Recap. In the previous article I introduced ubercookies — techniques that websites can use to de-anonymize visitors. I discussed a recent paper that shows how to use history stealing along with social network group membership information to find the visitor’s identity, and I promised a stronger variant of the attack.

The observation that led me to the attack I’m going to describe is simple: social networking isn’t just about social networks — the whole web has gone social. It’s a view that you quickly internalize if you spend any time hanging out with Silicon Valley web entrepreneurs :-)

Let’s break the underlying principle of the identity-stealing attack down to its essence:

A user leaves a footprint whenever their interaction with a specific web page is recorded publicly.

De-anonymization happens when the attacker can tie these footprints together into “trails” that can then be correlated with the user’s browser history. Efficiently querying the history to identify multiple points on the trail is a challenging problem to solve, but in principle de-anonymization is possible as long as the user’s actions on different web pages happen under the same identity.

Footprints can be tied together into trails as long as all the interactions happen under the same identity. There is no need for the interactions to be on the same website.

There are two major ways in which you can interact with arbitrary websites under a unified identity, both of which are defining principles of the social web. The first is federated identity, which means you can use the same identity provider wherever you go. This is achieved through OpenID and similar mechanisms like Facebook Connect. The second is social sharing: whenever you find something interesting anywhere on the web, you feed it back to your social network.

Now let’s examine the different types of interactions in more detail.

A taxonomy of interaction on the social web.

0. The pre-social web had no social networks and no delegated identity mechanism (except for the failed attempt by Microsoft called Passport). Users created new identities on each website, authenticated via site-specific usernames and passwords to each site separately. The footprints on different sites cannot be tied together; for practical purposes there are no footprints.

1. Social networks: affiliation. In social networks, users interact with social objects and leave footprints when the actions are public. The key type of interaction that is useful for de-anonymization is the expression of affiliation: this refers to not just the group memberships studied in the recent Wondracek et al. paper, but also includes

  • memberships of fan pages on Facebook
  • “interests” on Livejournal
  • follow relationships and plain old friend relationships on Twitter and other public social networks
  • subscriptions to Youtube channels

and so on.

All of these interactions, albeit very different from the user perspective, are fundamentally the same concept:

  • you “add yourself” to or affiliate yourself with some object on a social network
  • this action can be publicly observed
  • you almost certainly visited a URL that identifies the object before adding it.
As you can imagine, these actions leave a trail.

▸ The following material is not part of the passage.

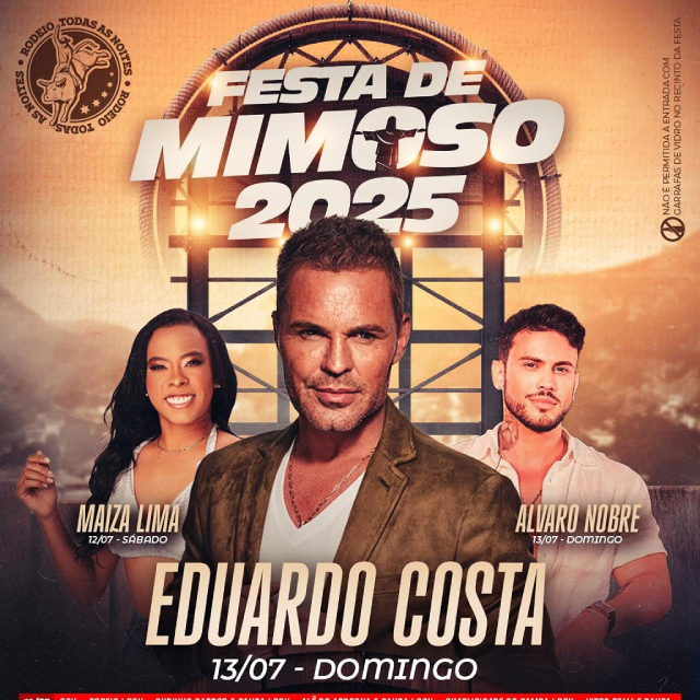 A Prefeitura de Mimoso do Sul, no Sul do Espírito Santo, divulgou nesta segunda-feira (16) a programação oficial da Festa do Município 2025. O evento acontece entre os dias 11 e 13 de julho, no Parque de Exposições da cidade, com entrada gratuita nos três dias.

2. The social web: sharing. When you find a page you like — any page at all — you can import it or “share” it to your social stream, on Facebook, Twitter, Google Buzz, or a social bookmarking site like Delicious. The URL of the page is almost certainly in your history, and as long as your social stream is public, your interaction was recorded publicly.


3. The social web: federated identity. When you’re reading a blog post or article on the social web, you can typically comment on it, “like” it, favorite it, rate it, etc. You do all this under your Facebook, Google or other unified identity. These actions are often public and when they are, your footprint is left on the page.

A taxonomy of attacks

The three types of social interactions above give rise to a neat taxonomy of attacks. They involve progressively easier backend processing and progressively more sophisticated history search techniques on the front end. But the execution time on the front-end doesn’t increase, so it is a net win. Here’s a table:

Type of interaction
Backend processing
Type of history URL
Location of footprint
Affiliation Crawling of social network Object in a social network In the social network
Sharing Syndication of social stream(s) from social network Any page In the social network
Federated identity None; optional crawling Any page On the page

.

1. Better use of affiliation information. The Wondracek et al. paper makes use of only group membership. One natural reason to choose groups is that there are many groups that are large, with thousands of members, so it gives us a reasonably high chance that by throwing darts in the browser history we will actually hit a few groups that the user has visited. On the other hand, if we try to use the Facebook friend list, for example, hoping to find one of the user’s friends by random chance, it probably won’t work because most users have only a few hundred friends.

But wait: many Twitter users have thousands or even millions of followers. These are known as “hubs” in network theory. Clearly, the attack will work for any kind of hubs that have predictable URLs, and users on Twitter have even more predictable URLs (twitter.com/username) than groups on various networks. The attack will also work using Youtube favorites (which show up by default on the user’s public profile or channel page) and whatever other types of affiliation we might choose to exploit, as long as there are “hubs” — nodes in the graph with high degree. Already we can see that many more websites are vulnerable than the authors envisaged.

2. Syndicating the social stream: my Delicious experiment.

The interesting thing about the social stream is that you can syndicate the stream of interactions, rather than crawling. The reasons why syndication is much easier than crawling are more practical than theoretical. First, syndicated data is intended to be machine readable, and is therefore smaller as well as easier to parse compared to scraping web pages. Second, and more importantly, you might be to get a feed of the entire site-wide activity instead of syndicating each user’s activity stream separately. Delicious allows global syndication; Twitter plans to open this “firehose” feature to all developers soon.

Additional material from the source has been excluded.